It was only around a week ago that we reported that Intel was preparing for its partners Panther Lake-based Arc G3 and G3 Extreme gaming handhelds to debut at Computex in early June, and now the first benchmark results have leaked out.
A PassMark test spotted by x86deadandback on Twitter shows that the Arc G3 Extreme, thought to be running on an unannounced MSI Claw 8 EX AI+ handheld, has outperformed the Ryzen Z2 Extreme chipset within the Asus ROG Xbox Ally X by a stiff margin.
Its scores of 4,288 (single-core) and 29,622 (multi-core) put it some distance ahead of the AMD competition, which manages only ~3960 and ~23,600 on average respectively in the same test. That's around an eight percent single-core lead and a more respectable 26 percent gap in the multi-core results. Looking at the graphics portion of the test, there's a 15 percent delta - 55fps for the Intel G3 Extreme and 48fps for the AMD Z2 Extreme.
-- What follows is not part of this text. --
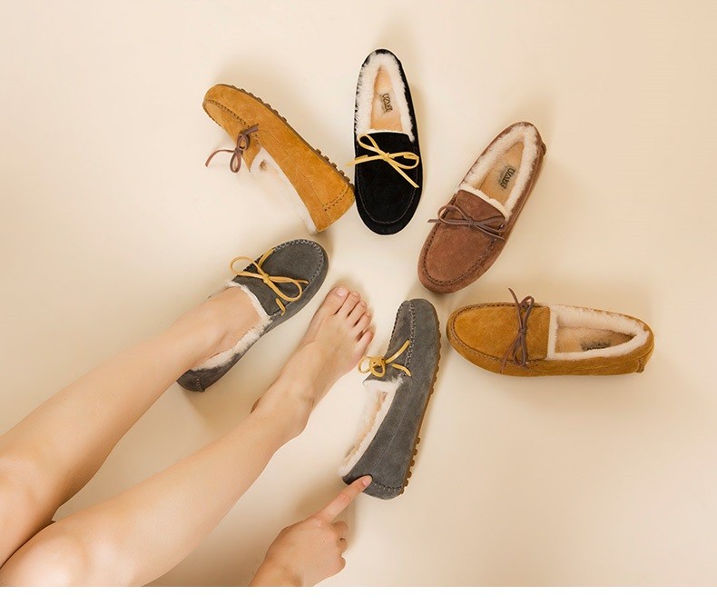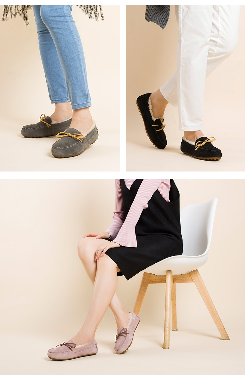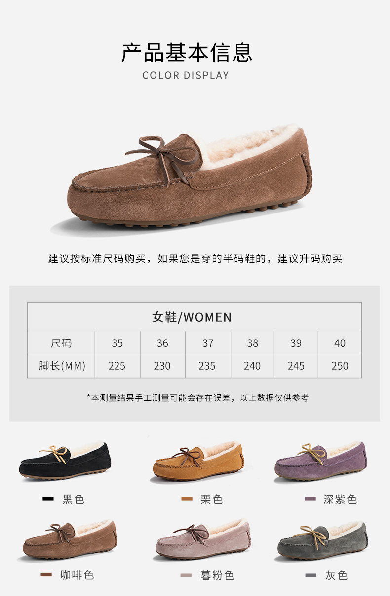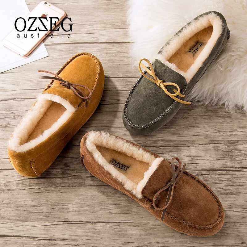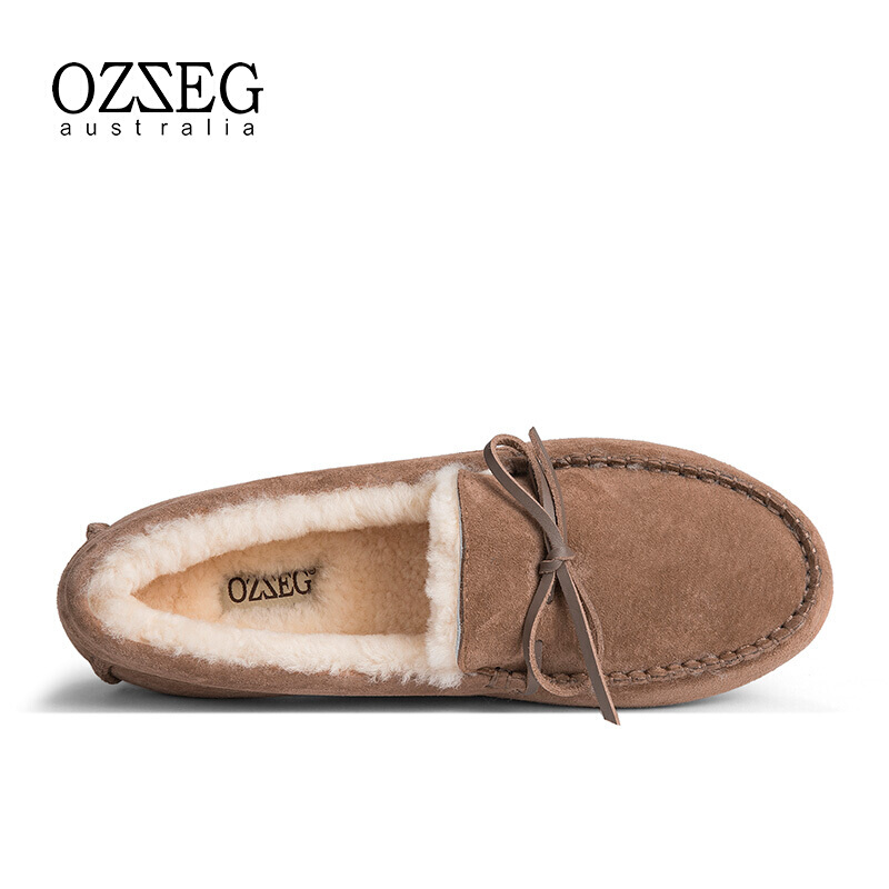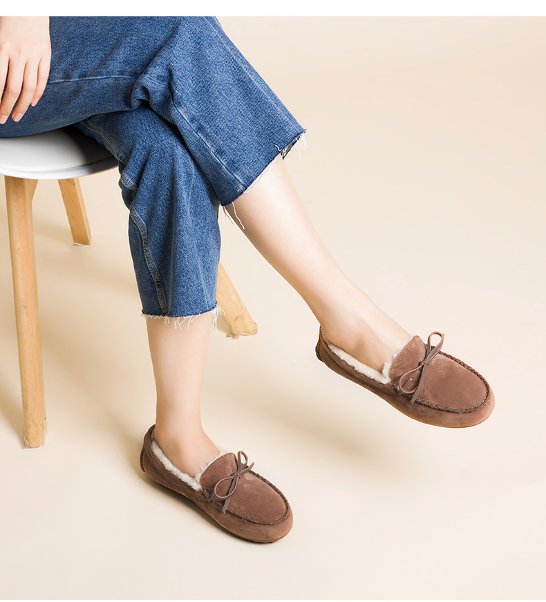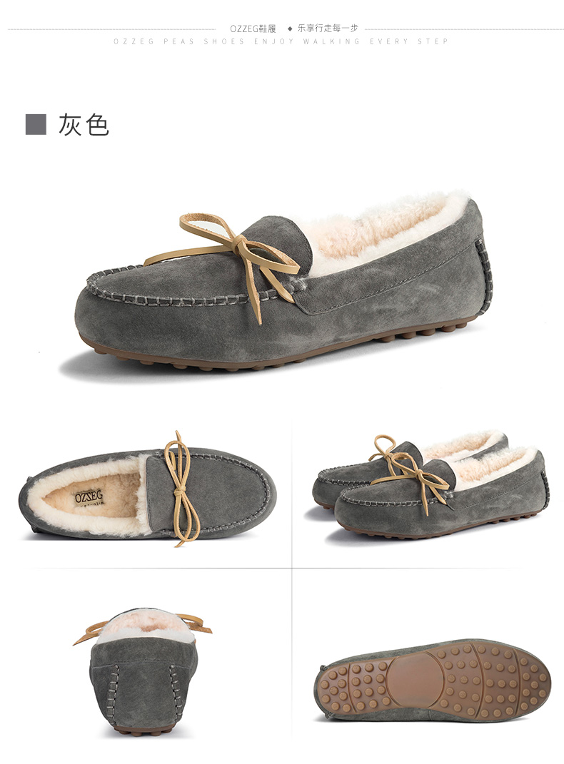 商品名称:澳洲OZZEG 加绒豆豆鞋女冬季冬款羊皮毛一体毛毛鞋平底棉单鞋防滑孕妇鞋真皮保暖乐福鞋 咖啡色 37

This is only one early leaked benchmark, of course, but it's still interesting to see that the MSI handheld seems to sport 32GB of 8533MHz LPDDR5X memory, versus the 24GB 8000MHz RAM on the Xbox Ally X, plus a higher core count but slightly lower thread count - 14 cores (2P+8E+4LPE) and 14 threads on the Claw, versus 8 cores (3P+5E) and 16 threads on the Xbox Ally X. For gaming purposes, the Intel silicon also boasts XeSS upscaling and multi-frame generation, lacking on competing RDNA 3.5 processors.
The Claw's 1920x1200 120Hz display and Micron 2500 1TB NVMe SSD are also mentioned in the benchmark results, both of which are typical for a high-end gaming handheld and match the results leaked online by an Italian retailer earlier this week. That retailer has a placeholder price of €1599, a huge figure but perhaps an accurate one given the current RAM and SSD pricing surge.
Computex kicks off on 2nd June, just a month away, so we don't have too much longer to wait until the first official information will be released. It'll be fascinating to see whether the faster of the two Arc chipsets will be able to outperform the Z2 Extreme by that same 15-25 percent margin in actual games, or whether these benchmark results flatter to deceive.